Part
1: (48 minutes)
- Big
River
- Greatest
Story Ever Told
- China
Cat Sunflower
- Black
Throated Wind
- Playin’
in the Band
- Don’t
Ease Me In
Part
2: (59 minutes)
- He’s
Gone >
- Bass
and Drums >
- The
Other One >
- Space
>
- Me
& Bobby McGee >
- The
Other One >
- Wharf
Rat
192kbps
files derived from a couple of sources.
It
always pains me a bit when they release another September 1972 show, and it’s
not this one. (There are four of them so far.) The circulating SBDs of 9/28 are
incomplete,* but there’s great stuff in there, and I rank the main, 20-minute “The
Other One” passage as one of the best improvisational explorations of the era.
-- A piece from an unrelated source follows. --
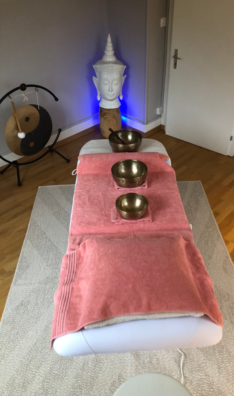 J'utilise des bols chantants, gong comme thérapie lors de la séance de soin.

The
song’s undertow never quite goes away, but a tender counter-melody dominates,
recurring and beautifully developed.
The
“China Cat” is by itself, because “I Know You Rider” spliced into a bad
audience recording – but it’s a really good “China Cat” with an extended intro.
And it’s always nice to come across early 1970s versions of Bobby’s improbably-built,
angular tunes (“Greatest Story” and “Black Throated Wind”), on which the band
totally finds the double-jointed groove, and Weir’s vocals aren’t too yelpy. The
“Greatest Story” here features a good version of the “St. Stephen”-style riff
at the climax.
*P.S. - Since I made this mix, I seem to have picked up a nearly complete soundboard, with the complete "I Know You Rider," and a "Half-Step that maybe should be on this mix. Oh, well...
Shortlist philosophy: Start
with a good soundboard of an unreleased show, and keep only what you honestly
want to hear again and again. Be song-agnostic; look for outstanding
performances of anything and everything, and reject an average performance of
any song, no matter how grand that song’s generic status as a big deal may be.
Whatever’s left, edit out the tuning and other delays, and arrange everything
into a pleasing sequence. Share the results in lossy mp3 format, in the spirit
of the cassette tape trading of my youth, diligently not trying to compete with
or annoy Grateful Dead Enterprises, whose property this music is.